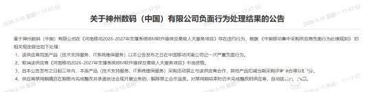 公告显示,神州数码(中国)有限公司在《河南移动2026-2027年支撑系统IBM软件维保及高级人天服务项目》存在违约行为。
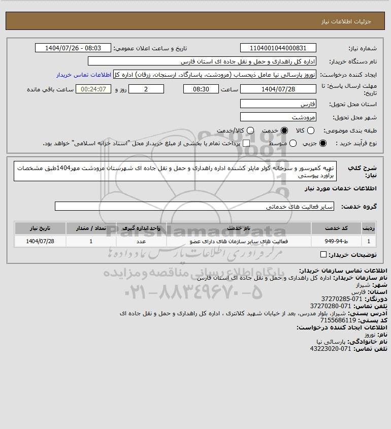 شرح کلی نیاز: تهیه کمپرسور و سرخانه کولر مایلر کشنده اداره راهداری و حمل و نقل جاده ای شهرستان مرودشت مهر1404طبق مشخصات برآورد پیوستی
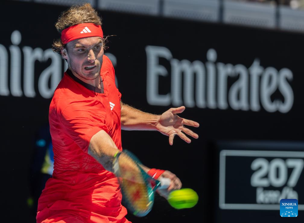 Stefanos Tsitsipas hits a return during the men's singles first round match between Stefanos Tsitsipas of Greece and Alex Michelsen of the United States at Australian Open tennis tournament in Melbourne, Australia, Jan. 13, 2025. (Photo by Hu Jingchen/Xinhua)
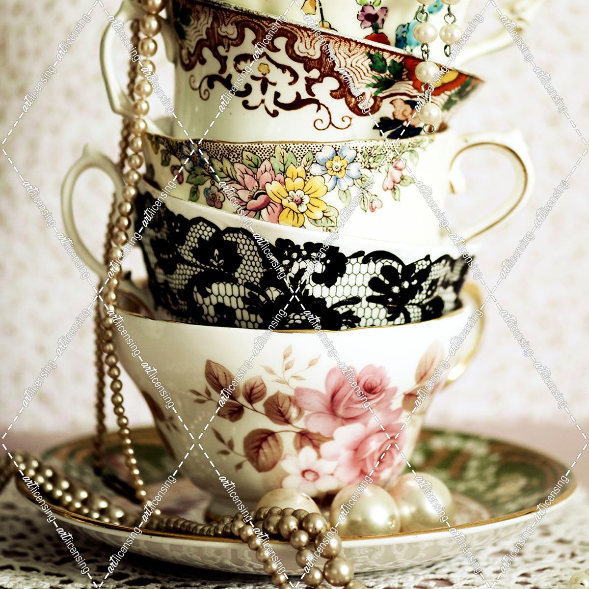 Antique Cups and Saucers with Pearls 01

Directions =
Beginning with the line that contains "Stefanos Tsitsipas hits", write out the remaining lines of the listing above through the last, exactly and only those, without pictures.

Problem solution =
 Stefanos Tsitsipas hits a return during the men's singles first round match between Stefanos Tsitsipas of Greece and Alex Michelsen of the United States at Australian Open tennis tournament in Melbourne, Australia, Jan. 13, 2025. (Photo by Hu Jingchen/Xinhua)
 Antique Cups and Saucers with Pearls 01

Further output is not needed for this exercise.